Entries provided below:

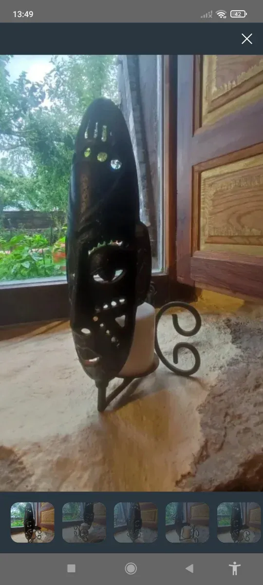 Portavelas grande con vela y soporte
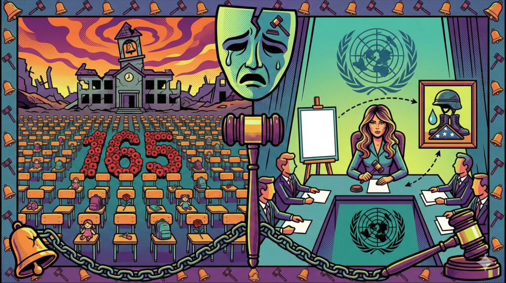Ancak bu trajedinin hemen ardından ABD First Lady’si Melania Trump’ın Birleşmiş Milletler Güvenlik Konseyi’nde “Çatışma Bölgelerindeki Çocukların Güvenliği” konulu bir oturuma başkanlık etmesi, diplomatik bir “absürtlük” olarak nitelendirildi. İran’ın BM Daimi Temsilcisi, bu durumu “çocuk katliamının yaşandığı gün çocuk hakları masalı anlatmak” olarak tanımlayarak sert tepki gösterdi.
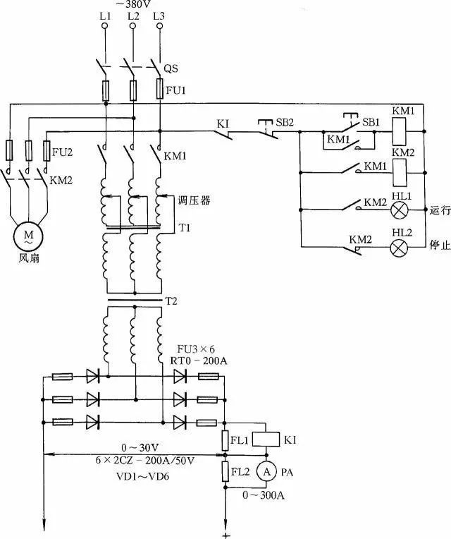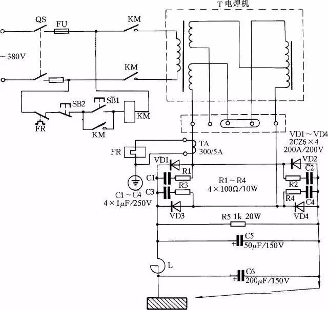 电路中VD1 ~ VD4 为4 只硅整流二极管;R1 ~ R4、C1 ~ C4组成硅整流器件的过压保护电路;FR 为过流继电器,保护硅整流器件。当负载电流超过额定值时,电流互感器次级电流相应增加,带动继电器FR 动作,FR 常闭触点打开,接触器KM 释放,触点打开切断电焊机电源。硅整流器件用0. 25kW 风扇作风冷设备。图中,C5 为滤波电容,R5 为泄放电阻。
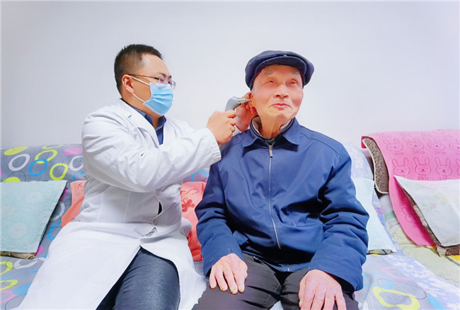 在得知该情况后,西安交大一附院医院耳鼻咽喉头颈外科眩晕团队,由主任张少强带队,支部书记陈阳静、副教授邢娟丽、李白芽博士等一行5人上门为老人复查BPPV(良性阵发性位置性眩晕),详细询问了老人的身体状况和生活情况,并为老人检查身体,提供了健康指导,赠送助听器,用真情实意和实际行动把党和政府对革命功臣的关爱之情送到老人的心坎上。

End of Entries provided.
Entries provided below:

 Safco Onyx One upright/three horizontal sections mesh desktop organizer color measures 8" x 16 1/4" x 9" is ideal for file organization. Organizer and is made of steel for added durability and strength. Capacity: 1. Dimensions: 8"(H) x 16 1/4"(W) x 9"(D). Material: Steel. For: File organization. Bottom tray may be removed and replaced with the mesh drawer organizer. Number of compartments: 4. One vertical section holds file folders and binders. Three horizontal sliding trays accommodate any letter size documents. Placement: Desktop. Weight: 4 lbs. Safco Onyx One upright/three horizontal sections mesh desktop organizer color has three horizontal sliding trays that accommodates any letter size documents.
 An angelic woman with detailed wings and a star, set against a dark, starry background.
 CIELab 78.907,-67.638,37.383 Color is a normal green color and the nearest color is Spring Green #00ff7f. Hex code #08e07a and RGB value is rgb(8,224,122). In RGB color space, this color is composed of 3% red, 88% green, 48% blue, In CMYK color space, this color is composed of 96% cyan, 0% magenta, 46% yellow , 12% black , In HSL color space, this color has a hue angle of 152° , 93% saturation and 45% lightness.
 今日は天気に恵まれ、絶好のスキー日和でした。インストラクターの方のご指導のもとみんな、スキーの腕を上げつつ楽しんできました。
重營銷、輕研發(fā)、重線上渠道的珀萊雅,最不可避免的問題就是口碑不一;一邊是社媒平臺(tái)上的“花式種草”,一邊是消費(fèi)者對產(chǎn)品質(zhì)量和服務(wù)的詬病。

End of Entries provided.
Entries provided below:

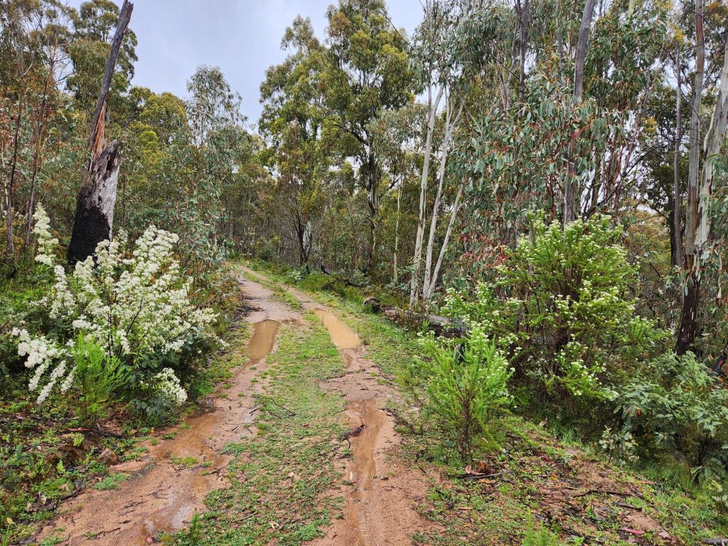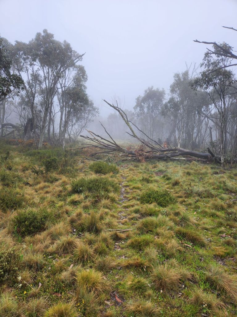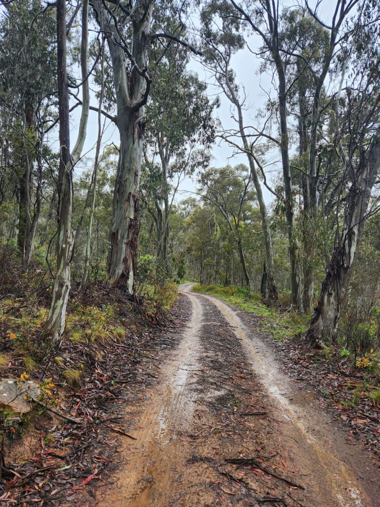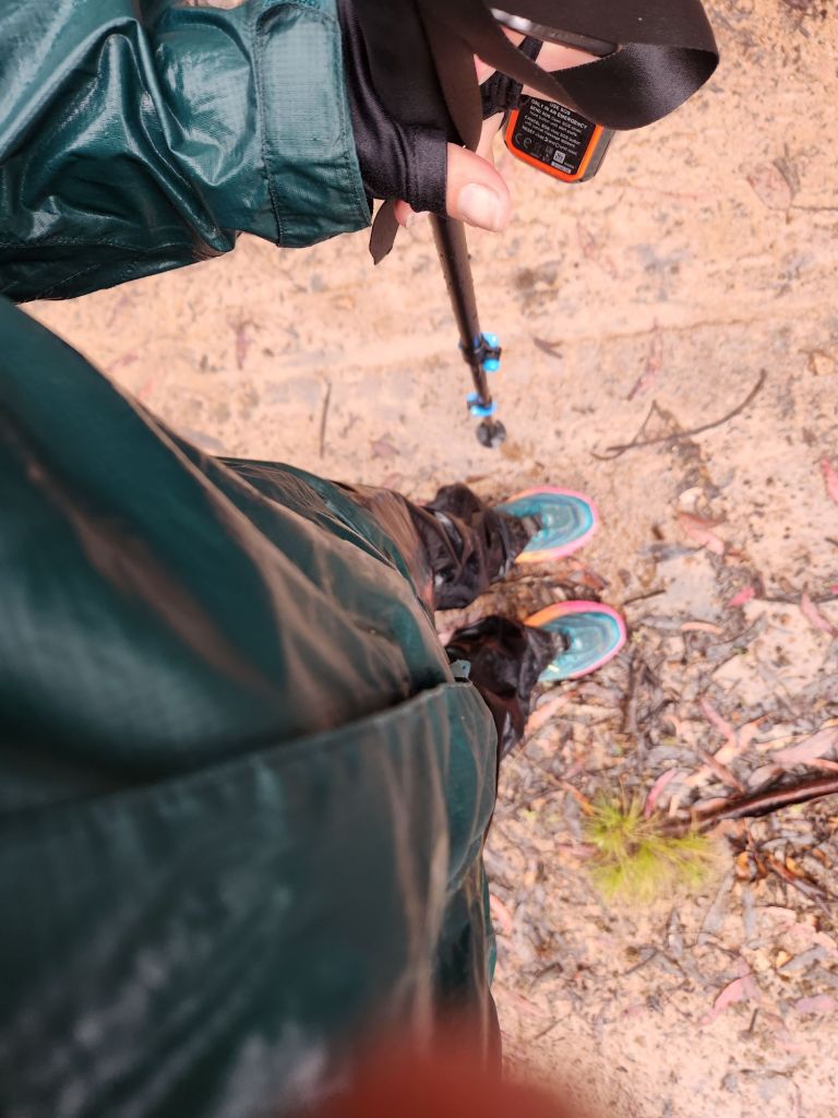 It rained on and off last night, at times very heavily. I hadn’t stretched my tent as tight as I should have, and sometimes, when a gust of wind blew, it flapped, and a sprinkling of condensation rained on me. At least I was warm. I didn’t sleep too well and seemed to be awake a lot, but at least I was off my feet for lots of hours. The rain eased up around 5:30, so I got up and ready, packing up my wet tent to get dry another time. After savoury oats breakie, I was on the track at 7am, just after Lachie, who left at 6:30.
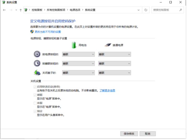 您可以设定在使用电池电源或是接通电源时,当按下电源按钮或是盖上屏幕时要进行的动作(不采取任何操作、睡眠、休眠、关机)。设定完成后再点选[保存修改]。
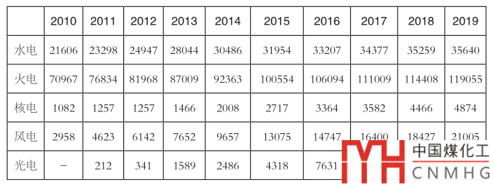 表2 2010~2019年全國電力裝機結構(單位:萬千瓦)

End of Entries provided.

What is expected: Out of the data above, give again only the lines starting at the one holding "CIELab 78.907,-67.638,37.383 Color" and ending at the one holding "重營銷、輕研發(fā)、重線", unchanged.

Answer for the task:
 CIELab 78.907,-67.638,37.383 Color is a normal green color and the nearest color is Spring Green #00ff7f. Hex code #08e07a and RGB value is rgb(8,224,122). In RGB color space, this color is composed of 3% red, 88% green, 48% blue, In CMYK color space, this color is composed of 96% cyan, 0% magenta, 46% yellow , 12% black , In HSL color space, this color has a hue angle of 152° , 93% saturation and 45% lightness.
 今日は天気に恵まれ、絶好のスキー日和でした。インストラクターの方のご指導のもとみんな、スキーの腕を上げつつ楽しんできました。
重營銷、輕研發(fā)、重線上渠道的珀萊雅,最不可避免的問題就是口碑不一;一邊是社媒平臺(tái)上的“花式種草”,一邊是消費(fèi)者對產(chǎn)品質(zhì)量和服務(wù)的詬病。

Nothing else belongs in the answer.